• _What the task requires_:
The task for the listing below is to write out exactly the lines starting at the one containing "遺物は保存状態も良く、ティカ" and ending at the one containing "British Railways Mk1", both included. Pictures are to be omitted.

[Opening Records section]

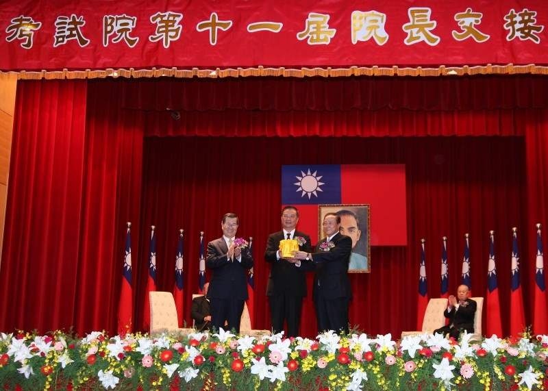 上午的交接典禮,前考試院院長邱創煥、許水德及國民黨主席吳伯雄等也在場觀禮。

[Closing Records section]
[Opening Records section]

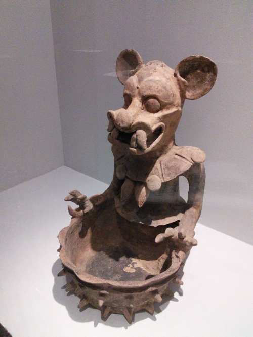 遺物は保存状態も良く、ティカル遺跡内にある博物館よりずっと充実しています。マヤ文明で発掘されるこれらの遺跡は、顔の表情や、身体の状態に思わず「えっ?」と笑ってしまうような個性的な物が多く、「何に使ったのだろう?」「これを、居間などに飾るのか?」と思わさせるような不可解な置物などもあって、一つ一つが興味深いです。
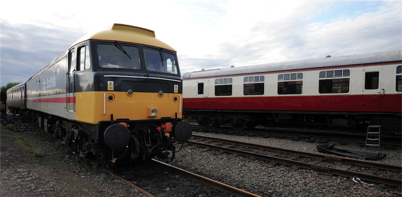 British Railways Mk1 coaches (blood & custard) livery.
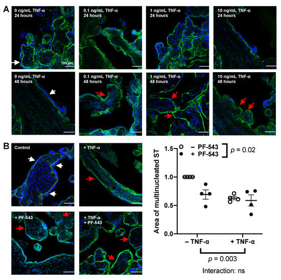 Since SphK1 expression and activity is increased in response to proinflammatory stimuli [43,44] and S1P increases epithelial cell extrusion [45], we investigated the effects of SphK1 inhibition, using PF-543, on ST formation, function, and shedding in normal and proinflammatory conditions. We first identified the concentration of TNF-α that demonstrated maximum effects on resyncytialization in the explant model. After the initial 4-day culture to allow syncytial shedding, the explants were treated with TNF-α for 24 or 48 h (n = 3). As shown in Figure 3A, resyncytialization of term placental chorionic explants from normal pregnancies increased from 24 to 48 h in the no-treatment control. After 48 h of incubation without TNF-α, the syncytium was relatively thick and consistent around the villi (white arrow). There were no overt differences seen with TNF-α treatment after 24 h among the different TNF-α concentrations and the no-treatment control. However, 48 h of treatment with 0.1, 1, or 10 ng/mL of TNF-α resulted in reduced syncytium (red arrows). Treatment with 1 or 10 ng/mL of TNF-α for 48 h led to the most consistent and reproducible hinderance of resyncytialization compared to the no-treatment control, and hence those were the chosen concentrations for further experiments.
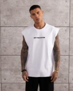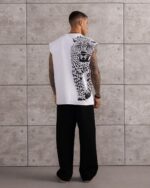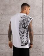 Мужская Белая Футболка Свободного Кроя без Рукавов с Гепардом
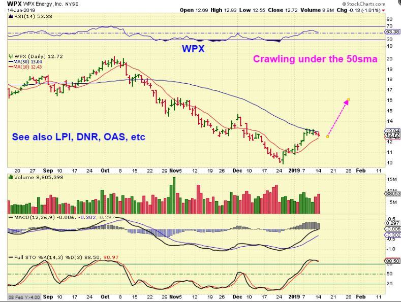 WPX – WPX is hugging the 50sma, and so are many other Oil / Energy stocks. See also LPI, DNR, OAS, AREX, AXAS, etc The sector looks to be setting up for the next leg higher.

[Closing Records section]
[Opening Records section]

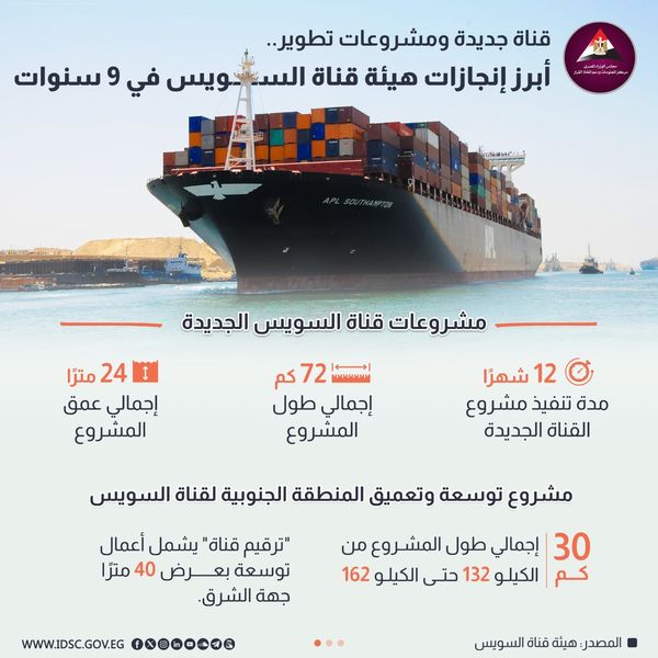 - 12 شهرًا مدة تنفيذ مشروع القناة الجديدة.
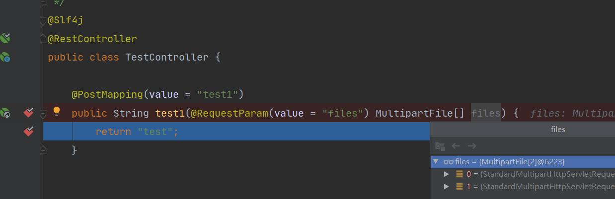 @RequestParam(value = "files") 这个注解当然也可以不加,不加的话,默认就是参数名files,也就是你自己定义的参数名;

[Closing Records section]

• _Problem solution_:
 遺物は保存状態も良く、ティカル遺跡内にある博物館よりずっと充実しています。マヤ文明で発掘されるこれらの遺跡は、顔の表情や、身体の状態に思わず「えっ?」と笑ってしまうような個性的な物が多く、「何に使ったのだろう?」「これを、居間などに飾るのか?」と思わさせるような不可解な置物などもあって、一つ一つが興味深いです。
 British Railways Mk1 coaches (blood & custard) livery.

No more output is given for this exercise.